IN MEMORIUM: Mr. Whippy (1996-2007)
MR. WHIP E. COLI, THE CELEBRATED PERITRICHOUS BACTERIUM, has collapsed and died in the course of a lecture delivered by Dr. William Dembski on 17 September 2007 in Oklahoma.
Better known by his stage name of “Mr. Whippy”, he was incubated in a “Black Box” by Dr. Michael Behe in 1996, and from a tender age drew acclaim for his magnificient flagellum, the excellence of which reduced Dr. Behe and some others to a state of Irreducible Perplexity.
Sold to the Ringling Brothers Barnum and Discovery Circus, Mr. Whippy and his astounding flagellum was exhibited alongside the Mysteriously-Invisible Peer-Reviewed Publication, the Incredibly-Ancient Argument from Ignorance, and other amazing sideshow marvels purporting to herald the end of materialist science and finally ‘whip’ the godless Darwinists into submission. Three times a day, Mr. Whippy would step forth on stage to spin his flagellum at an incredible 17,000 rpm while his barker would challenge spectators to explain how such a marvel of nano-engineering could have been assembled by blind and random chance alone.
Although the brutal Darwinist thought-police quickly demonstrated that Mr. Whippy was a “One-Trick E. coli“, and the ‘trick’ was actually yet another exemplar of classic descent with modification, his popularity was little diminished outside scientific circles.

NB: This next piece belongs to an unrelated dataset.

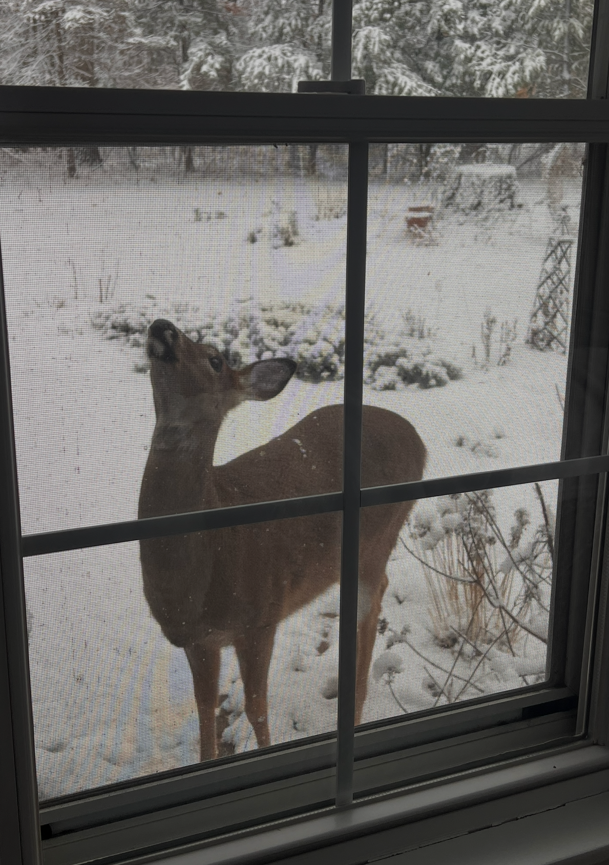 Lois Mayer, of Homer Glen, was having winter memories when she sent us this amazing photo of "my deer on our front porch when it was snowing," she tells us.

Seeking a mascot for his own brand of household filters, Dr. Dembski engaged Mr. Whippy and regularly exhibited him on his website and at public speaking engagements. Tragically, the presence at just such an event last Monday of ruthless Darwinists armed with over 30 years worth of solid data proved fatal when Mr. Whippy collapsed under the crushing weight of evidence. With his dying flick of the flagellum, Mr. Whippy was heard to whisper, “Let me then be towed to pieces, while still chasing thee, thou damned Darwin! Thus, I give up the flail!”
Neither Dr. Dembski nor his spokesman (rumoured to have missed the event due to commitments at FreeRepublic.com) have been available for comment. However, as ruthlessly as Trotsky was airbrushed out of shared photos of Stalin, the overworked little E. coli has been torn from the masthead of Dr. Dembski’s website. Until recently, visitors to Uncommon Descent were greeted by Mr. Whippy’s cheerfully waving flagellum:
But suddenly, it appears to be, “Goodbye, Mr. Whips!”:
This move, coming so soon after the mysterious disappearance of John Angus Campbell — a self-outed “Darwinist” infiltrator — has fuelled speculation of a secret purge within the Discovery Institute Politburo. Professional DI watchers suspect that we will hear even less from Seattle’s Desperate Thinktankers about ‘science,’ but even more than hitherto about ‘persecution’, ‘censorship’, and a great deal of ‘it’s not fair!’
Mr. Whippy is survived by over 6 trillion offspring–some of which, due to a small, chance genetic mutation, sport even more remarkable flagella capable of 17,001 rpm.
The funeral will be held in Tulsa at 3 pm next Friday at The Church of Our Lady of the Scourge and Auto-Flagellents. No flowers.
BREAKING NEWS! The image of Mr. Whippy has been restored at Uncommon Descent! Perhaps the ‘Intelligent Design’ proponents realise they have no other implement with which to flog their dead horse?